In a further embodiment it is preferred that a dose of paracetamol is 500 mg, ibuprofen is 150 mg, guaifenesin is 150 mg, cetirizine is 2.5 mg, bilastine is 5 mg, loratadine is 2.5 mg, fexofenadine is 30 mg, phenylephrine is 5 mg, pseudoephedrine is 30 mg and dextromethorphan is between 0-5 mg.

Alternative Chemical Forms

DM, GFN, PE, PSE, PSE+lysine, APAP, IBF, cetirizine, bilastine, loratadine and fexofenadine have been referred to directly in this specification. Other acceptable pharmaceuticals forms (e.g salts, enantiomers etc) may also be used and are intended to be captured by the references to the active ingredients with the weight amount adjusted accordingly.
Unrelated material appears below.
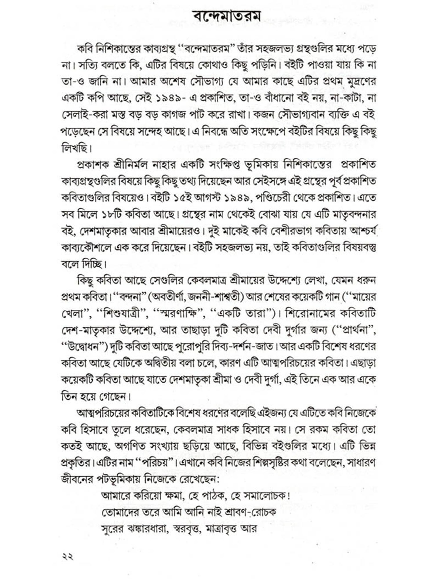 নির্বাচিত কবিতা: Nirbachito Kabita (A Collection of Selected Bengali Poems) An Old and Rare Book)

Non-limiting examples of enantiomers (in this case of cetirizine) include levocetirizine and dextrocetirizine, and are intended to be captured by the specification. Other acceptable pharmaceutical precursors which lead to the active ingredient before or after metabolization may also be used and are intended to be captured by the references to the active ingredients with the weight amount adjusted accordingly. A non-limiting example of an active ingredient (loratadine) in its metabolized form is desloratadine and is also intended to be captured by the specification.

Other antihistamines, in particular non-sedating antihistamines such as acrivastine, antazoline, astemizole, azelastine, ebastine, efletirizine, epinastine, levocabastine, mizolastine, oxatomide, setastine, temelastine, and terfenadine, are also intended to be captured by the references to antihistamine in this specification.
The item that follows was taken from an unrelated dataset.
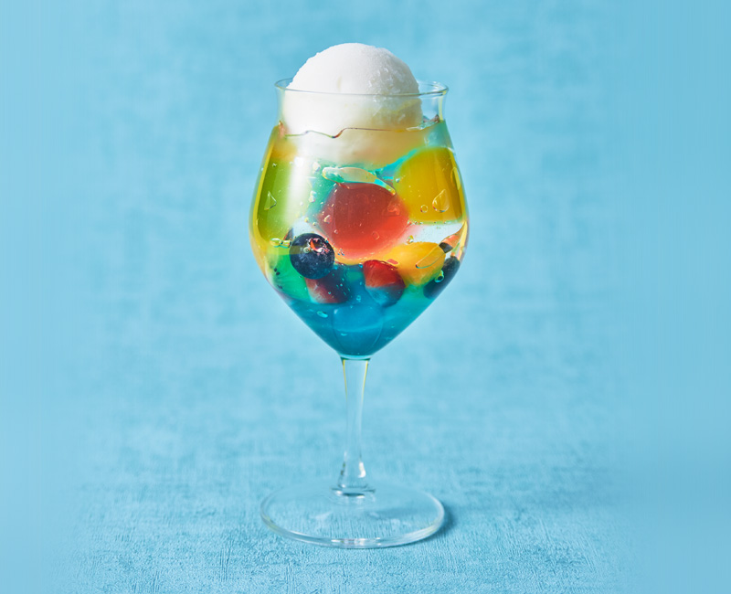 ブルーキュラソーのゼリーに旬のフルーツと4種のゼリーボールを浮かべ、ラ・フランスのジェラートをトッピング。ジェラートはシャンパンに変更可能です(追加料金あり)。

While some preferred embodiments of the invention have been described by way of example it should be appreciated that modifications and improvements can occur without departing from the scope of the appended claims.

In terms of disclosure, this document envisages and hereby posits any feature mentioned herein in combination with itself or any other feature or features mentioned herein, even if the combination is not claimed.